Solutions to prepare ahead of time:

1.5% In-Cert Agarose in SM buffer (make up in 50 ml tube)

250 mM EDTA + 1% SDS

TE buffer (10 mM Tris, I mM EDTA, pH 8.0)

Plug storage (20 mM Tris, 50 mM EDTA, pH 8.0)

 

A freshly prepared solution of Proteinase K (20 mg/ml) is also required.

 

 

1.    Used plug molds are stored in 10% Liquinox.  If you’re using these molds, rinse the molds thoroughly with di water and dry before use.  If you’re using new plug molds, they’re ready to go out of the bag.  Break them apart before using and proceed to step 4.  Do not pass go, do not collect $200.

2.     Seal the bottoms of the molds with scotch tape.  2 molds can fit on one piece of tape (width).

3.    Use a razor blade to carefully cut the tape between the plug molds, making sure that the bottoms of the wells stay sealed with tape.

4.    Using small pieces of labeling tape, label each mold with the sample it is to receive.

5.    Melt the 1.5% InCert agarose in the microwave.  CAUTION: this type of agarose boils VERY quickly.  Initially microwave 5 to 7 seconds.  Then heat for 2-3 second intervals and swirl carefully between heatings until the agarose boils.  Attend the microwave at ALL times during melting.  After the agarose has completely melted, allow to cool briefly.  Have your viral concentrates ready; have the P 1000 set to 425 ul (or 500ul) and the P 200 set to 80 ul.

6.    In a 2 ml Eppendorf tube, add 425 ul (or 500ul) * of viral concentrate and 425 ul (or 500ul) * of the melted 1.5% InCert agarose.  Cap and vortex briefly.  If you are preparing multiple samples simultaneously, don’t forget to label everything, Dumbass.
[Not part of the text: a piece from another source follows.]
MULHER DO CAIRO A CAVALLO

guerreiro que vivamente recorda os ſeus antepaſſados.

7.    Carefully dispense 80 ul of the mixture into each well of the appropriately labeled plug mold*.  

8.    Place the molds in the refrigerator (4 deg. C) for about 20 minutes to set.
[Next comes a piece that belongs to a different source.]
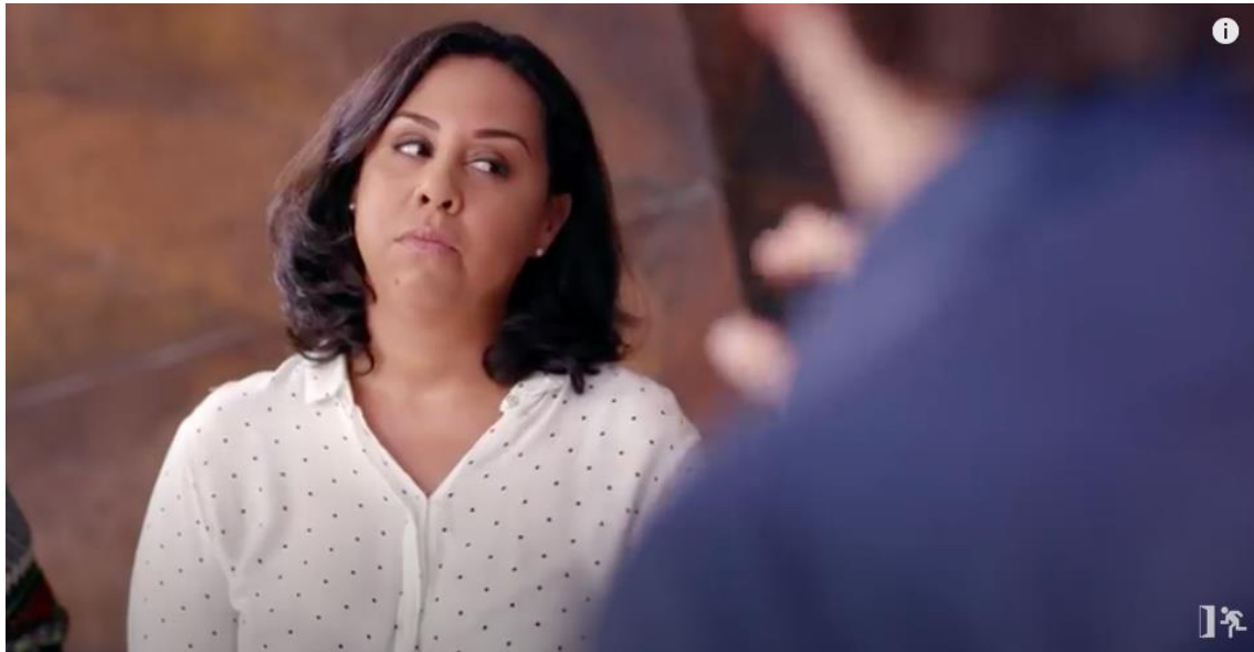
Figura 23 – Olhar destinado a colega do lado sobre a fala em relação ao peito caído

9.     Set up a tube for each mold:  Pour about 2 ml of 250 mM EDTA + 1% SDS into a labeled 15 ml centrifuge tube.  Add 100 ul of a freshly prepared Proteinase K solution (20 mg/ml).  

10.    Remove the tape from the bottom of the plug mold.  Use a sterile disposable inoculation loop to push the lugs out of the mold and into the tube.  The loop must be cut in half (along the axis of the handle) in order to fit through the wells of the plug mold (see diagram).
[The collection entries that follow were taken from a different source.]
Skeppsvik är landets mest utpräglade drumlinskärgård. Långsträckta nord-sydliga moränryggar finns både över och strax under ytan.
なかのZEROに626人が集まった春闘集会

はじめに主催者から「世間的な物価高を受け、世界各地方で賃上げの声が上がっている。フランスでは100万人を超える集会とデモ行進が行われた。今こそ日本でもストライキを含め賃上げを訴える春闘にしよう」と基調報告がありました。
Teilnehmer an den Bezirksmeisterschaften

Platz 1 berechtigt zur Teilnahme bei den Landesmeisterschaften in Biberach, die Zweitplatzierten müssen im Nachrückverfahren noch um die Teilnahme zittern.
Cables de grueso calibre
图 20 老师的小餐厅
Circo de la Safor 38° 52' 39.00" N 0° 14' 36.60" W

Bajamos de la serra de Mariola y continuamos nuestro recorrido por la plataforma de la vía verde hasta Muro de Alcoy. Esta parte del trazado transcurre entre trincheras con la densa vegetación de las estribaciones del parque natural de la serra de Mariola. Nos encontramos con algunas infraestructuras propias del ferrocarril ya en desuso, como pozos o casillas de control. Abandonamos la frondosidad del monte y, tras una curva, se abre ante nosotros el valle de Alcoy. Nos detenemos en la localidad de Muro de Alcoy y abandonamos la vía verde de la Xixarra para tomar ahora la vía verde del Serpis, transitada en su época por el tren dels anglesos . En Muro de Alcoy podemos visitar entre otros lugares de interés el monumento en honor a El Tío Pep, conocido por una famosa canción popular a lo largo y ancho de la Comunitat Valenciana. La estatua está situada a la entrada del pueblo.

11.     Make sure all plugs are in the solution at the bottom of the tube.  Incubate at room temp in the dark (like, put it in a drawer, man) overnight.

12.    The next day, carefully decant the Proteinase K/SDS solution, using a sterile disposable loop to hold back the plugs.  Rinse the plugs 3 times, 30 minutes each, with 10 ml TE buffer.  Use the loop to hold back the plugs while the liquid is carefully decanted each time.  

13.    Store plugs in 4-5 ml 20 mM, Tris 50 mM EDTA, pH 8.0 at 4 degrees C until use.

 

 

 

* Each well of the plug mold will hold 80 ul: 40 ul of virus suspension + 40 ul of 1.5% In-Cert agarose.  A full mold has 10 wells and will require 10X these amounts, or 400 ul of virus suspension + 400 ul of In-Cert.  Because of pipetting error and the viscosity of the agaose, it is necessary to add extra liquid to still end up with 10 full wells, hence 425 ul of virus suspension + 425 ul In-Cert.  If you are making fewer than 10 plugs then scale back your volumes accordingly, but don’t foget to allot extra for the pipetting error.  (note from SB: I have found that if I use 500ul volumes that I will always have enough for 10 plugs and usually only have a small amount left over.)